>>>

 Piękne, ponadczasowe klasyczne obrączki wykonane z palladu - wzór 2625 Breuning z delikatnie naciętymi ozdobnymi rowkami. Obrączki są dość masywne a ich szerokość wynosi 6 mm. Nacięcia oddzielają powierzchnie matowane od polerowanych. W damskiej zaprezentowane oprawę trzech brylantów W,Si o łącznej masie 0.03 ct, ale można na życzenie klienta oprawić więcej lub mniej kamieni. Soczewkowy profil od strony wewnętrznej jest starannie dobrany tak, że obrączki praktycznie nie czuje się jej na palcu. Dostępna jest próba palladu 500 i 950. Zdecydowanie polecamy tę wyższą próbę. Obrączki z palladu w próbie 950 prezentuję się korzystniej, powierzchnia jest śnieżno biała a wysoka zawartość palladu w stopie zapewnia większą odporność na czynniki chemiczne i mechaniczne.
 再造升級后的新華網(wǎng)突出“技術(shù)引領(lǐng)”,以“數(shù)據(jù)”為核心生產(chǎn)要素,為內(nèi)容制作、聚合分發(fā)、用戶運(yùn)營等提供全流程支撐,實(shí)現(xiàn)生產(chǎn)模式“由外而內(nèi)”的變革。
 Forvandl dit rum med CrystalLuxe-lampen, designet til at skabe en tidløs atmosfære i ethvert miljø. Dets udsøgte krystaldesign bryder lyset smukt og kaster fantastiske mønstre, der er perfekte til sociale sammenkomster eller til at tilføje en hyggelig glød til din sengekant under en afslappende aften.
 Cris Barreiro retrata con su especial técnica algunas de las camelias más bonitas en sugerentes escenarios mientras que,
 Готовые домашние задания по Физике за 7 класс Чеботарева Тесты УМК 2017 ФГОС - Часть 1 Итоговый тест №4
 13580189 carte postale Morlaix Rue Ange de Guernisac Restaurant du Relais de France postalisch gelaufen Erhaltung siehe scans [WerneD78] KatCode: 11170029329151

<<<

*What is needed*: Please return all of the records exactly as they appear.

*Response box*:
 Piękne, ponadczasowe klasyczne obrączki wykonane z palladu - wzór 2625 Breuning z delikatnie naciętymi ozdobnymi rowkami. Obrączki są dość masywne a ich szerokość wynosi 6 mm. Nacięcia oddzielają powierzchnie matowane od polerowanych. W damskiej zaprezentowane oprawę trzech brylantów W,Si o łącznej masie 0.03 ct, ale można na życzenie klienta oprawić więcej lub mniej kamieni. Soczewkowy profil od strony wewnętrznej jest starannie dobrany tak, że obrączki praktycznie nie czuje się jej na palcu. Dostępna jest próba palladu 500 i 950. Zdecydowanie polecamy tę wyższą próbę. Obrączki z palladu w próbie 950 prezentuję się korzystniej, powierzchnia jest śnieżno biała a wysoka zawartość palladu w stopie zapewnia większą odporność na czynniki chemiczne i mechaniczne.
 再造升級后的新華網(wǎng)突出“技術(shù)引領(lǐng)”,以“數(shù)據(jù)”為核心生產(chǎn)要素,為內(nèi)容制作、聚合分發(fā)、用戶運(yùn)營等提供全流程支撐,實(shí)現(xiàn)生產(chǎn)模式“由外而內(nèi)”的變革。
 Forvandl dit rum med CrystalLuxe-lampen, designet til at skabe en tidløs atmosfære i ethvert miljø. Dets udsøgte krystaldesign bryder lyset smukt og kaster fantastiske mønstre, der er perfekte til sociale sammenkomster eller til at tilføje en hyggelig glød til din sengekant under en afslappende aften.
 Cris Barreiro retrata con su especial técnica algunas de las camelias más bonitas en sugerentes escenarios mientras que,
 Готовые домашние задания по Физике за 7 класс Чеботарева Тесты УМК 2017 ФГОС - Часть 1 Итоговый тест №4
 13580189 carte postale Morlaix Rue Ange de Guernisac Restaurant du Relais de France postalisch gelaufen Erhaltung siehe scans [WerneD78] KatCode: 11170029329151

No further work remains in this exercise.